§ **Exercise aim**: The records below must be transcribed exactly. Do not include the pictures.

§ **Data to process**:
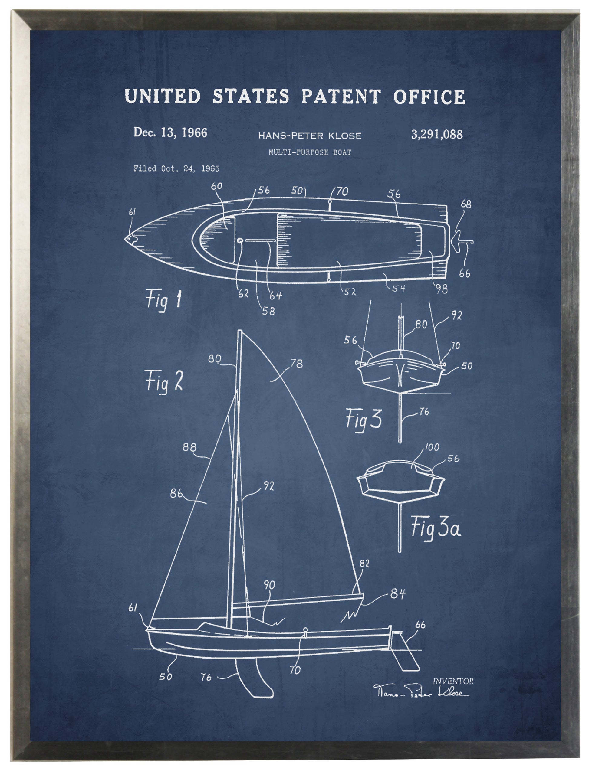 Celebrate nautical heritage with Sailboat Patent on Navy Background wall art. This elegant piece features detailed patent-style illustrations of a classic sailboat set against a rich navy backdrop, blending maritime history with contemporary coastal décor. Its intricate line work and striking contrast make it a standout addition to living rooms, offices, or any nautical-inspired space.
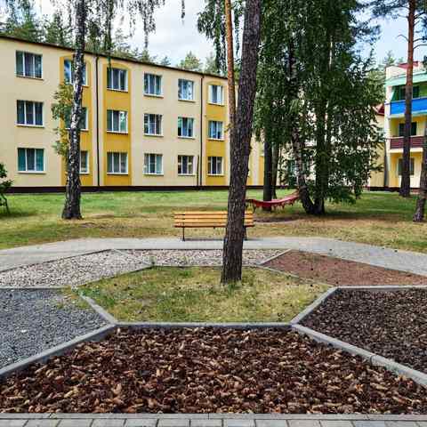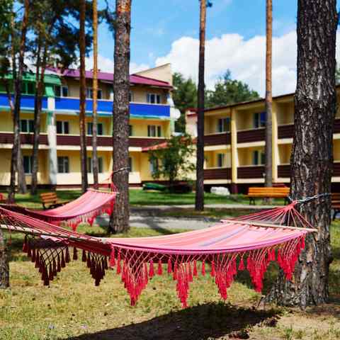Площадь санатория — 19 гектар, на которых расположились два жилых корпуса и несколько коттеджей. Номерной фонд здравницы готов предложить одноместные и двухместные номера и рассчитан на 310 гостей. Из них для родителей с детьми выделено 80 мест. В санатории действует заказное меню — это значит, что вы сами формируете свой рацион
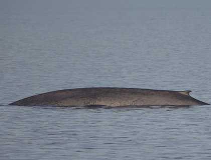 As we neared the source of the blow the naturalists confirmed—a blue whale! It’s hard to fathom its size… this creature—the largest animal ever to exist on Earth—can weigh up to 100 tons. One of our naturalists held up a picture with comparable other mammals lined up in front for scale—the elephant was dwarfed by about 8 times. Wow! We watched the whale take four or five breaths followed by a “terminal” breath with a large graceful arch of the spine revealing the tiny dorsal fin as the whale dove to feed on prey deeper down. We waited about ten minutes for it to resurface for more breaths, and the cycle repeated. After about an hour of whale waiting and watching, we dove down to the dining room for our own feeding, and resurfaced for more looks.
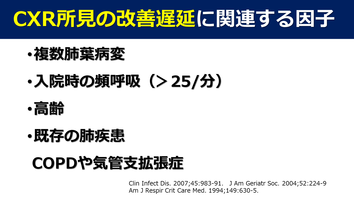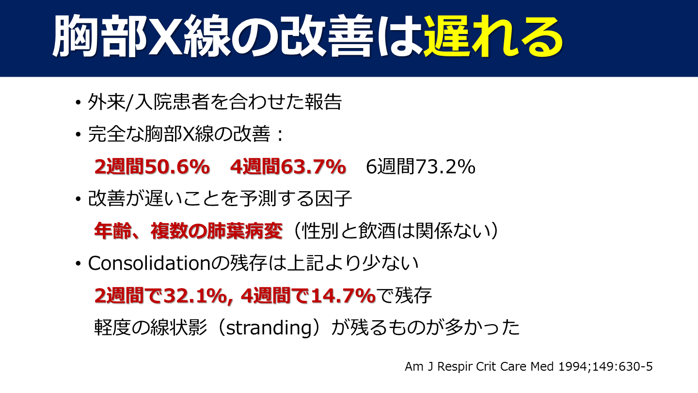 胸部単純X線所見の改善は臨床症状の改善より緩徐である #201.
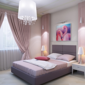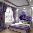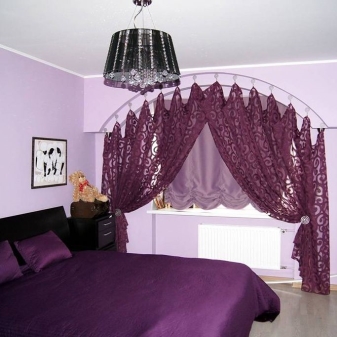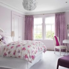 ما عدا الستائر أو الستائر, خلفية أرجواني مناسبة لغرفة نوم مدمجة. إذا كنت بحاجة إلى تزيين غرفة لفتاة رومانسية وحسية ، فمن المستحسن أن تختار ستائر بنفسجية. لا يمكن أن تكون مواد النسيج المستخدمة للستائر أحادية اللون فقط. ستائر الليلك ذات الخطوط أو الأنماط الأرجواني والأرجواني والأزرق والوردي ستكون زخرفة ملونة.
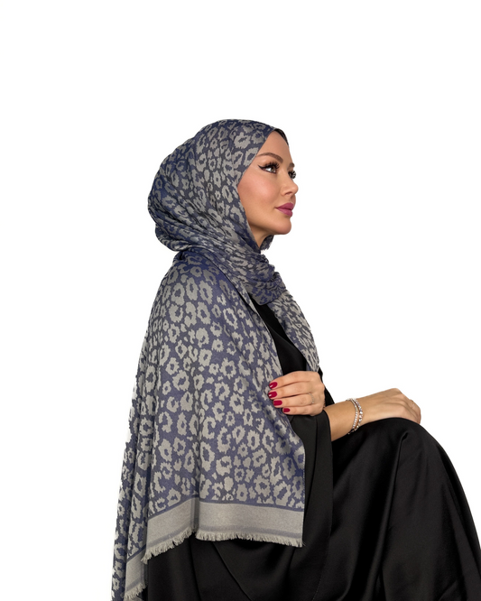 Premium Schal - Leopardenmuster - Königsblau-Grau

§ **Task response**:
 Celebrate nautical heritage with Sailboat Patent on Navy Background wall art. This elegant piece features detailed patent-style illustrations of a classic sailboat set against a rich navy backdrop, blending maritime history with contemporary coastal décor. Its intricate line work and striking contrast make it a standout addition to living rooms, offices, or any nautical-inspired space.
Площадь санатория — 19 гектар, на которых расположились два жилых корпуса и несколько коттеджей. Номерной фонд здравницы готов предложить одноместные и двухместные номера и рассчитан на 310 гостей. Из них для родителей с детьми выделено 80 мест. В санатории действует заказное меню — это значит, что вы сами формируете свой рацион
 As we neared the source of the blow the naturalists confirmed—a blue whale! It’s hard to fathom its size… this creature—the largest animal ever to exist on Earth—can weigh up to 100 tons. One of our naturalists held up a picture with comparable other mammals lined up in front for scale—the elephant was dwarfed by about 8 times. Wow! We watched the whale take four or five breaths followed by a “terminal” breath with a large graceful arch of the spine revealing the tiny dorsal fin as the whale dove to feed on prey deeper down. We waited about ten minutes for it to resurface for more breaths, and the cycle repeated. After about an hour of whale waiting and watching, we dove down to the dining room for our own feeding, and resurfaced for more looks.
 胸部単純X線所見の改善は臨床症状の改善より緩徐である #201.
 ما عدا الستائر أو الستائر, خلفية أرجواني مناسبة لغرفة نوم مدمجة. إذا كنت بحاجة إلى تزيين غرفة لفتاة رومانسية وحسية ، فمن المستحسن أن تختار ستائر بنفسجية. لا يمكن أن تكون مواد النسيج المستخدمة للستائر أحادية اللون فقط. ستائر الليلك ذات الخطوط أو الأنماط الأرجواني والأرجواني والأزرق والوردي ستكون زخرفة ملونة.
 Premium Schal - Leopardenmuster - Königsblau-Grau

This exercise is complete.